=== Begin Enclosure ===

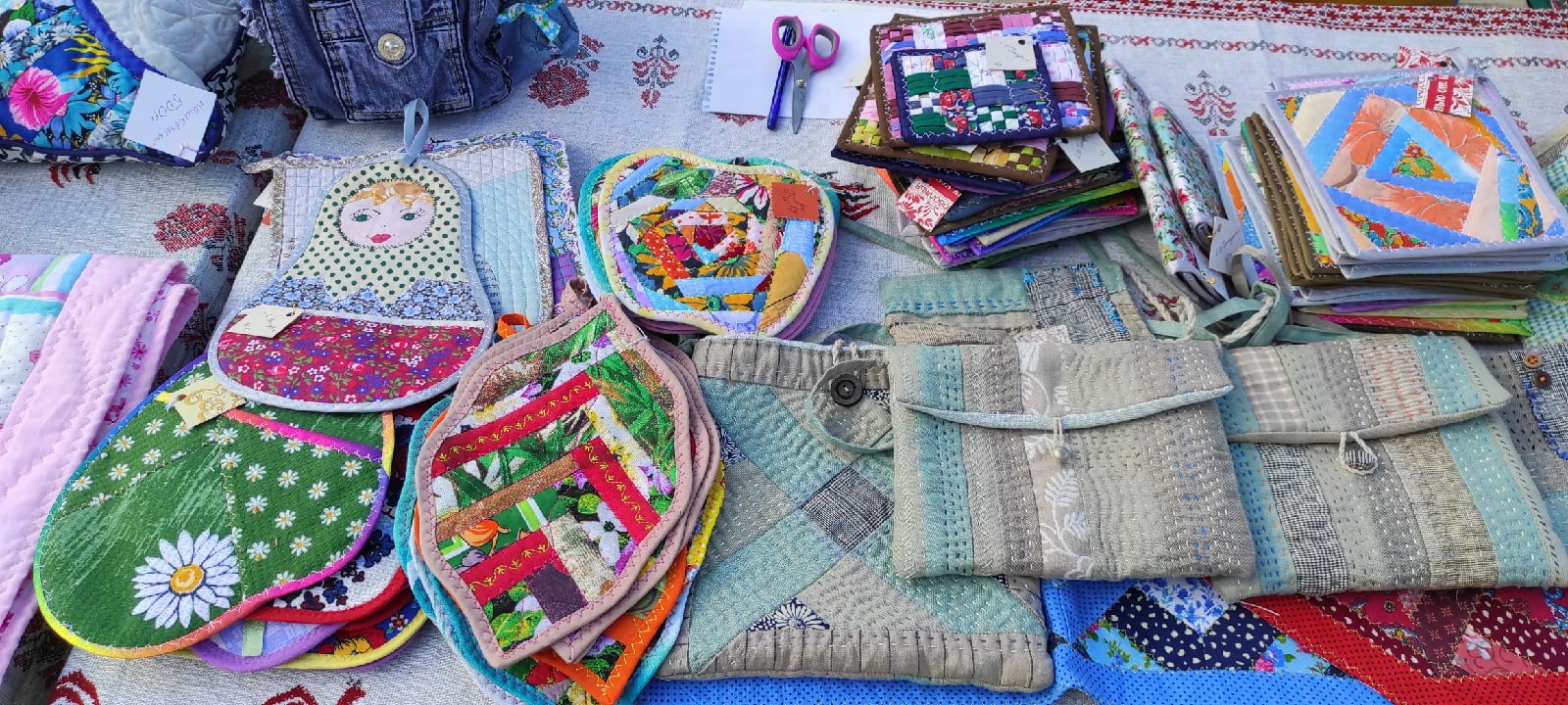 На ярмарке можно было приобрести гжель, декупаж, мыло, народные куклы, куклы из полимерной глины, текстильные игрушки и сумки, а также разнообразные изделия, выполненные в лоскутной технике.
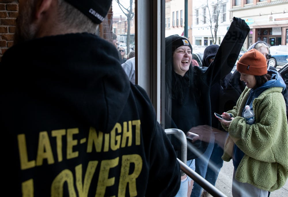 Reagan Mullikin waves at a friend passing by as she waits in line for the new Keystone Mac Shack to open on Court St. on Monday, Jan. 16, 2022.
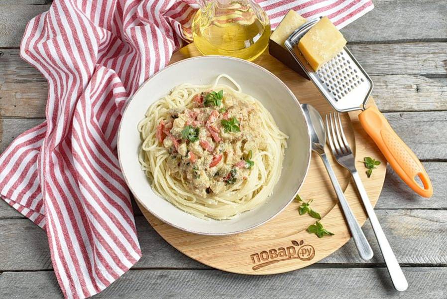 Разложите макароны по тарелкам и щедро полейте соусом. При желании и наличии присыпьте блюдо сверху тертым пармезаном, украсьте листочками базилика и сразу подавайте к столу.
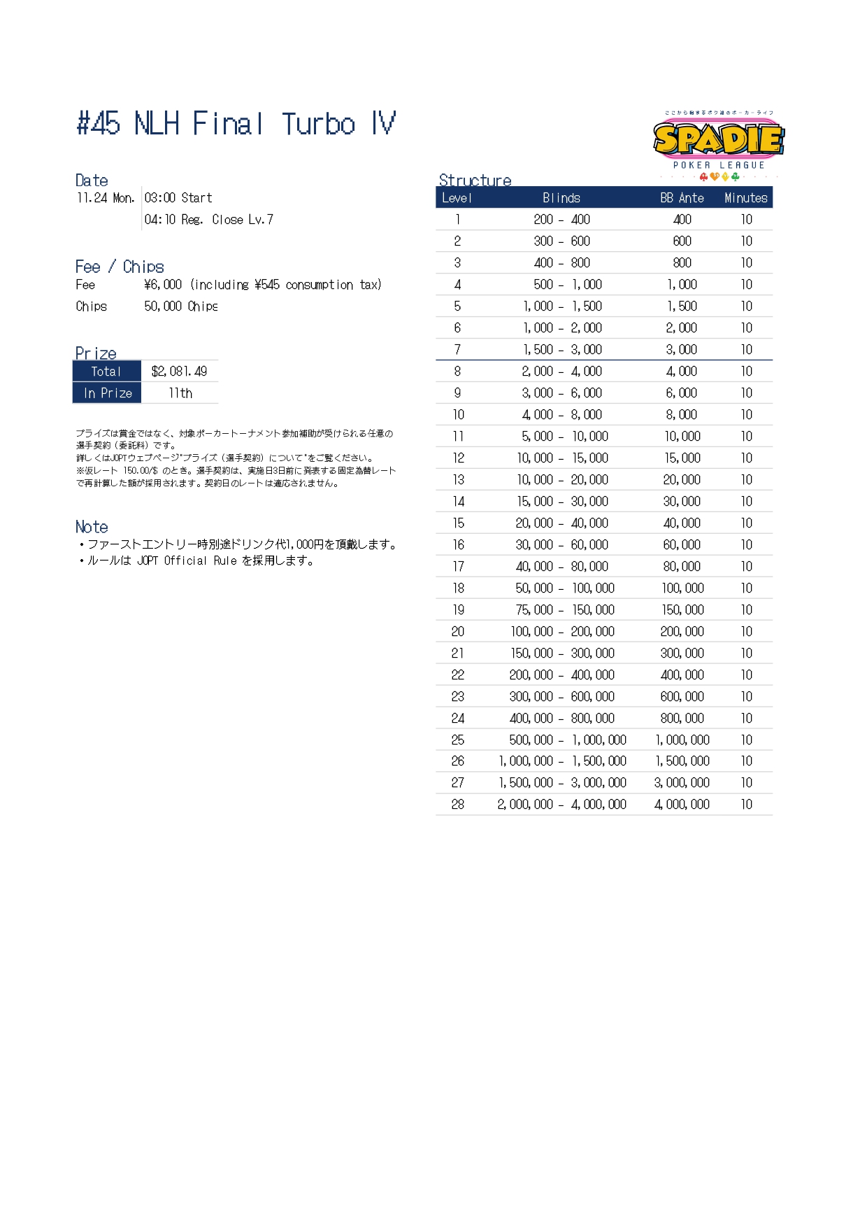 | 公式ページ | https://pokerguild.jp/spadie/ |

=== End Enclosure ===

→ WORK TO BE COMPLETED: Copy the data verbatim, skipping any image it holds.

→ RESPONSE AREA:
 На ярмарке можно было приобрести гжель, декупаж, мыло, народные куклы, куклы из полимерной глины, текстильные игрушки и сумки, а также разнообразные изделия, выполненные в лоскутной технике.
 Reagan Mullikin waves at a friend passing by as she waits in line for the new Keystone Mac Shack to open on Court St. on Monday, Jan. 16, 2022.
 Разложите макароны по тарелкам и щедро полейте соусом. При желании и наличии присыпьте блюдо сверху тертым пармезаном, украсьте листочками базилика и сразу подавайте к столу.
 | 公式ページ | https://pokerguild.jp/spadie/ |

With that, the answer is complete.